* DATASET CONTENT *
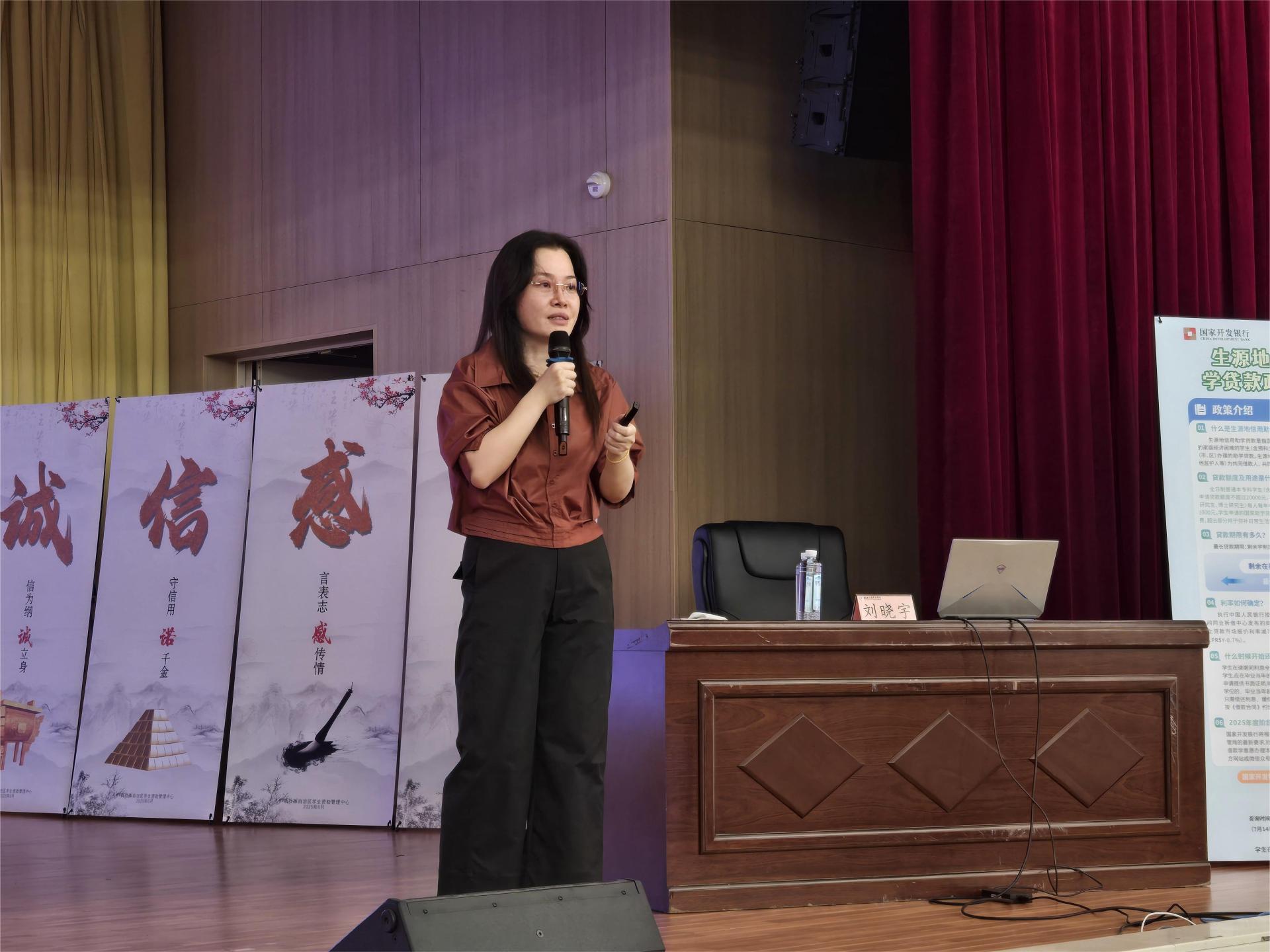 主讲人刘晓宇书记聚焦大学生群体易面临的风险领域,从四个部分进行深入剖析。一是结合高发案例,揭露常见诈骗手法,加强学生防诈意识;二是通过真实案例警示,深刻剖析了“低息”陷阱背后的“套路贷”危害;三是呼吁学生树立正确消费观,增强风险意识,理性消费;四是强调保持良好信用记录的必要性,尤其针对办理了生源地信用助学贷款的学生,提醒此类学生按时履约,避免逾期等行为损害信用。
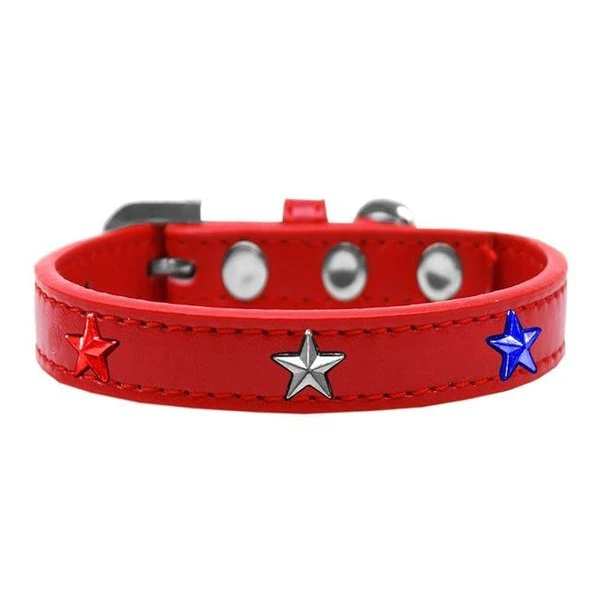 We are a small. family-owned American workshop/factory that produces nearly 100.000 original products – fun pet apparel. strong dog and cat collars. cute pet toys. and more for everyone's favorite family members. FeaturesRed. White and Blue Stars Widget Dog CollarItems for all types of petsQuality selection for everyday pet needsAssured hygiene and care for petsSpecificationsColor: RedSize: Size 18
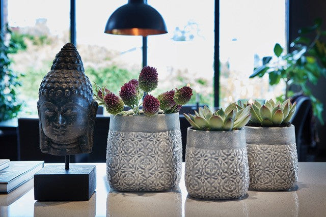 Delikata keramik-krukor med ett vackert mönster i gråa nyanser och en melerad grå kant högst upp. De är bara helt fantastiskt vackra med olika gröna plantor i. Passar i de allra flesta hem. Du får de två små krukorna med i din startkollektion.
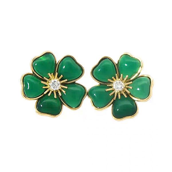 Category: JewelryType: EarringsBrand: Van Cleef & ArpelsSize: 19.5 x 18.2 x 11.4mmGemstone: Chrysoprase/DiamondStamp: VCA B3***** D 0.26CT x 2 OR 750Weight: 9.4gMaterial: 18K Yellow GoldList Price: -Accessories: Original box and repair certificateCondition: A

* WHAT YOU HAVE TO DO *
Give back the full listing exactly as written, only without its pictures.

* SOLUTION TO THE EXERCISE *
 主讲人刘晓宇书记聚焦大学生群体易面临的风险领域,从四个部分进行深入剖析。一是结合高发案例,揭露常见诈骗手法,加强学生防诈意识;二是通过真实案例警示,深刻剖析了“低息”陷阱背后的“套路贷”危害;三是呼吁学生树立正确消费观,增强风险意识,理性消费;四是强调保持良好信用记录的必要性,尤其针对办理了生源地信用助学贷款的学生,提醒此类学生按时履约,避免逾期等行为损害信用。
 We are a small. family-owned American workshop/factory that produces nearly 100.000 original products – fun pet apparel. strong dog and cat collars. cute pet toys. and more for everyone's favorite family members. FeaturesRed. White and Blue Stars Widget Dog CollarItems for all types of petsQuality selection for everyday pet needsAssured hygiene and care for petsSpecificationsColor: RedSize: Size 18
 Delikata keramik-krukor med ett vackert mönster i gråa nyanser och en melerad grå kant högst upp. De är bara helt fantastiskt vackra med olika gröna plantor i. Passar i de allra flesta hem. Du får de två små krukorna med i din startkollektion.
 Category: JewelryType: EarringsBrand: Van Cleef & ArpelsSize: 19.5 x 18.2 x 11.4mmGemstone: Chrysoprase/DiamondStamp: VCA B3***** D 0.26CT x 2 OR 750Weight: 9.4gMaterial: 18K Yellow GoldList Price: -Accessories: Original box and repair certificateCondition: A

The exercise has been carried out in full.